# Exercise prompt
Repeat the data in full and exactly. Leave the pictures out.

Collected data entries
= = =

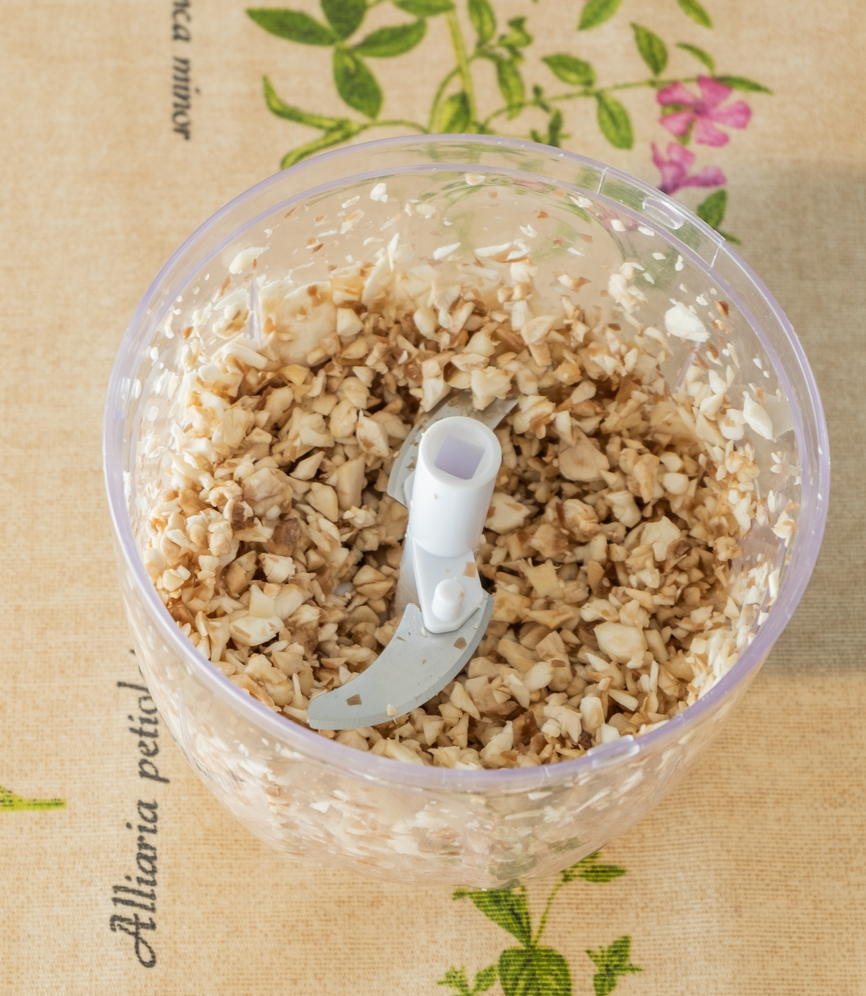 Pelar y picar la cebolla en trozos pequeños. Añadir el aceite a la sartén y sofreír la cebolla hasta que esté ligeramente dorada. Limpiar los champiñones, cortar en 4 o 6 trozos, depende del tamaño y meter en la picadora de la batidora. Triturar hasta obtener trozos pequeños. Simularán la carne picada.
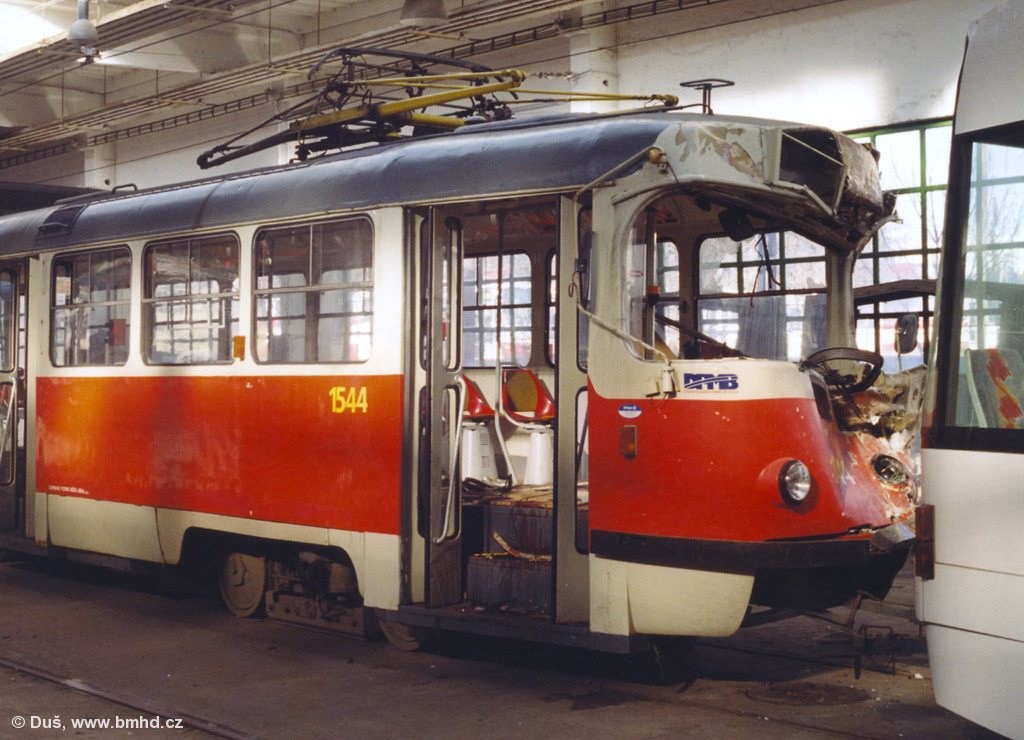 T3M 1544 po nehodě s autobusem v Obřanech na křižovatce Obřanská x Fryčajova. Řidič tramvaje utrpěl smrtelná zranění.
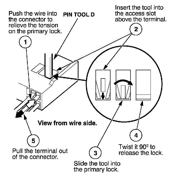 Before you begin, inspect the wire you are about to repair for damage and length. Make sure the wire will be long enough to make a terminal repair without stretching it when you reinstall the terminal in the connector. If the wire is too short, or if access to the connector is too restricted to make a terminal repair, you may need to install a pigtail terminal (a short length of wire with a factory-crimped terminal on it). Refer to HOW TO INSTALL PIGTAIL TERMINALS.
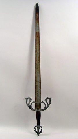 From the third in the "Lord of the Rings" trilogy, "Return of the King" (2003), an art-directed "rusted" metal sword used as a background prop. (approx. 38 1/2" long). Oversized item.
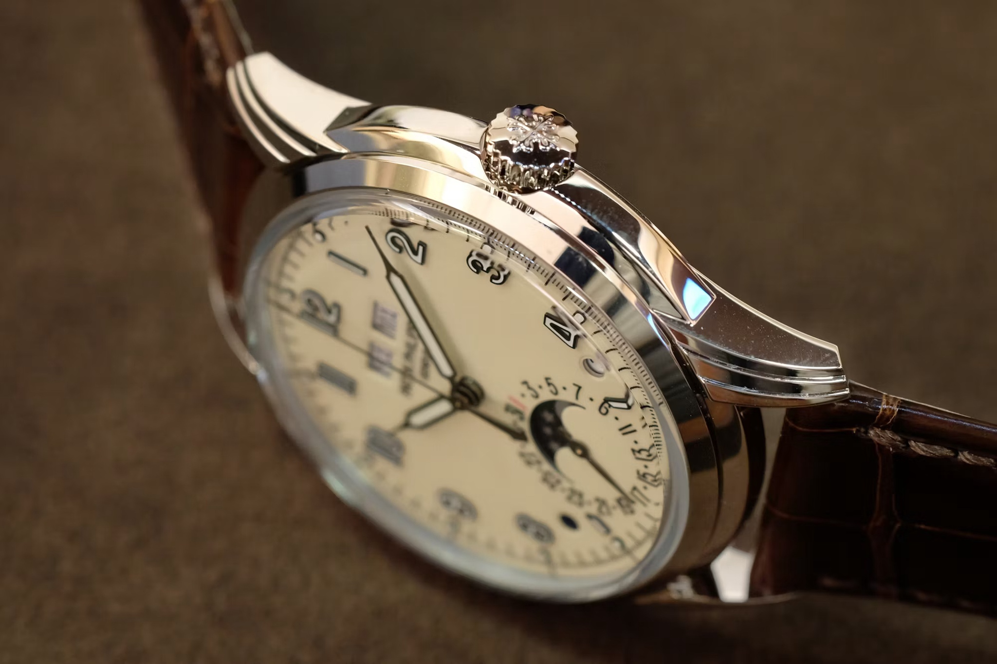 This reference appeals to collectors seeking a sophisticated perpetual calendar with a distinct vintage character, yet executed with modern reliability. Its white gold construction offers a subtle alternative to more common yellow or rose gold perpetual calendars. The 5320G fits within Patek Philippe's grand complications lineup, offering a blend of technical mastery and design heritage that resonates with enthusiasts of classic horology.

= = =

# Result of this exercise
 Pelar y picar la cebolla en trozos pequeños. Añadir el aceite a la sartén y sofreír la cebolla hasta que esté ligeramente dorada. Limpiar los champiñones, cortar en 4 o 6 trozos, depende del tamaño y meter en la picadora de la batidora. Triturar hasta obtener trozos pequeños. Simularán la carne picada.
 T3M 1544 po nehodě s autobusem v Obřanech na křižovatce Obřanská x Fryčajova. Řidič tramvaje utrpěl smrtelná zranění.
 Before you begin, inspect the wire you are about to repair for damage and length. Make sure the wire will be long enough to make a terminal repair without stretching it when you reinstall the terminal in the connector. If the wire is too short, or if access to the connector is too restricted to make a terminal repair, you may need to install a pigtail terminal (a short length of wire with a factory-crimped terminal on it). Refer to HOW TO INSTALL PIGTAIL TERMINALS.
 From the third in the "Lord of the Rings" trilogy, "Return of the King" (2003), an art-directed "rusted" metal sword used as a background prop. (approx. 38 1/2" long). Oversized item.
 This reference appeals to collectors seeking a sophisticated perpetual calendar with a distinct vintage character, yet executed with modern reliability. Its white gold construction offers a subtle alternative to more common yellow or rose gold perpetual calendars. The 5320G fits within Patek Philippe's grand complications lineup, offering a blend of technical mastery and design heritage that resonates with enthusiasts of classic horology.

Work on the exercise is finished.